Rachel McDevitt / StateImpact Pennsylvania

Rep. Donna Bullock (D-Philadelphia) speaks in the state capitol about protecting environmental justice communities on April 17, 2024.


Advocates are pushing for limits on polluting industries that want to locate or expand in vulnerable communities in Pennsylvania.

The measure from Rep. Donna Bullock (D-Philadelphia) would require companies to estimate the total environmental impact of new or expanded plants on environmental justice areas. Those communities often have a high percentage of people living in poverty or that belong to a minority group.

House Bill 652 would let state regulators deny permits if a plant would create too much of a burden.

Bullock said polluting facilities keep ending up in the same places.

“What that looks like is folks that don’t have the power or don’t have the resources to push back and fight back so they become the victims and vulnerable communities to these bad actors,” Bullock said.

The state Department of Environmental Protection has an internal policy for engaging with EJ communities, but there are no enforceable regulations at the state level.

DEP uses a screening tool to define such areas.
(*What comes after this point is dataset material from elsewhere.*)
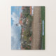 Stå i ett fält i den ungerska bygden som tittar kyrktornerna och byggnaderna av en town. Moln är i blå himmel, men väder återstår soligt och varmt.

The PennEnviroScreen tool gives each part of the state a score based on its pollution burden and population characteristics. Areas with a large amount of pollution and sensitive groups have higher scores. Places that score in the 80th percentile and above are considered EJ areas.

Qiyam Ansari, an organizer with Clean Water Action, said the bill would allow DEP to recognize the heavy environmental and adverse health toll on environmental justice areas and give them a tool to fight polluters.

Ansari has first-hand experience of living in an EJ area. He spent his childhood in Connecticut but moved to Braddock, outside Pittsburgh, as a teen.

He said he didn’t realize how much worse the air quality was, living near a steel mill, until he suffered an extreme asthma attack. He had to be flown to a hospital and put into a coma for two weeks.

“When I woke up from my coma, my doctor told me, ‘if you want to live you need to leave.’ He said, ‘We don’t know if you’re going to survive your next asthma attack, so you should move away,’” Ansari said, adding that his experience is not unique.

The bill passed the House Environmental Resources and Energy Committee last year but has been sitting in the chamber’s Rules Committee since September. It has yet to come up for a vote in the full House.